[cuda] Compact int4/int6 weight quant metadata (bf16 -> uint8 + per-row super-scale) by Gasoonjia · Pull Request #20571 · pytorch/executorch

Gasoonjia · 2026-06-28T05:45:57Z

Decode for gemma4-31B on CUDA is weight-bandwidth-bound: the int4/int6 weight-only matvecs are ~72% of per-token decode time and already run at ~89% of the RTX 5090 HBM roofline using the same dp4a algorithm as llama.cpp. The only lever left is fewer bytes/token.

ET previously stored per-group (group_size=32) scale AND zero as bf16:
int4 = 5.0 bits/weight (20% metadata overhead), int6 = 7.0 bits/weight.
llama.cpp's Q4_K/Q6_K store far less metadata (4.5 / 6.5625 bpw).
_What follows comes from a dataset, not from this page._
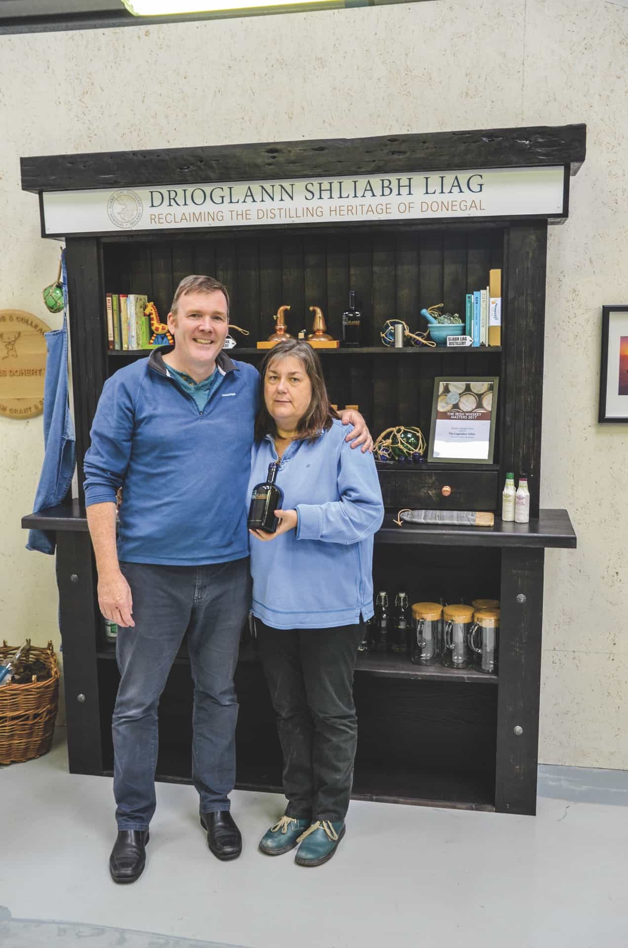 Die derzeit nordwestlichste Destillerie Irlands liegt an den höchsten Klippen des Landes oder – halt, ich muss natürlich das Futur benutzen – wird dort liegen. Denn obwohl es bereits einen „Silky“ genannten Whiskey und seit Oktober einen Gin gibt, steht auch hier der Bau der eigentlichen Brennerei noch bevor. Die kleine Gin-Anlage steht in einem unscheinbaren Gebäude am Rande von Carrick in der Nähe der Cliffs von Slieve League, und heißt – wir sind schließlich im Gaeltacht – wie diese Küstenline auf irisch “Shliabh Liag“. Aufgrund vieler Falschmeldungen verirren sich immer wieder Reisende und sogar Whisky-Händler hierher in der Annahme, hier werde bereits Whiskey produziert. Doch der „Silky“ ist ein Auftragswerk für das Unternehmen, was Gründer James Doherty nicht müde wird zu betonen. Wie bei den Kollegen anderenorts wird man sehr leicht verwirrt, da im Sinne des „irischen Futur II“ bereits Marken und Whiskey-Namen auf der Website einer künftig zu bauenden Destillerie auftauchen, die es bei genauerem Lesen noch gar nicht gibt. Erleichtert sind James und seine Frau, nun endlich zumindest den „An Dúlamán“ Irish Maritime Gin anbieten zu können, dessen Name „Seetang-Ernter“ auf die vielen Zutaten von der heimischen Küste hinweist, von denen einige aufgrund besonders niedriger Tide angeblich nur bei Vollmond geerntet werden können. Diese und andere Besonderheiten, welche die leidenschaftlichen Entrepreneure hervorheben, erinnern unwillkürlich an die Gaben irischer Geschichtenerzähler.

This change re-encodes the quant metadata to match llama.cpp's byte density WITHOUT touching the dp4a inner loop or the 4/6-bit weight codes:

per-group scale/zero: bf16 -> uint8 codes
per-row bf16 "super-scale" (step = row_max/255) restores dynamic range (plain fp8/int8 alone fails: Q4_K scales span ~1e-4..8e-2 -> subnormal blowup, 15-18 dB SNR; the two-level encoding keeps 46.7-48.1 dB == bf16)
int6 is symmetric (no zero), int8 scale codes + per-row step (mirrors Q6_K)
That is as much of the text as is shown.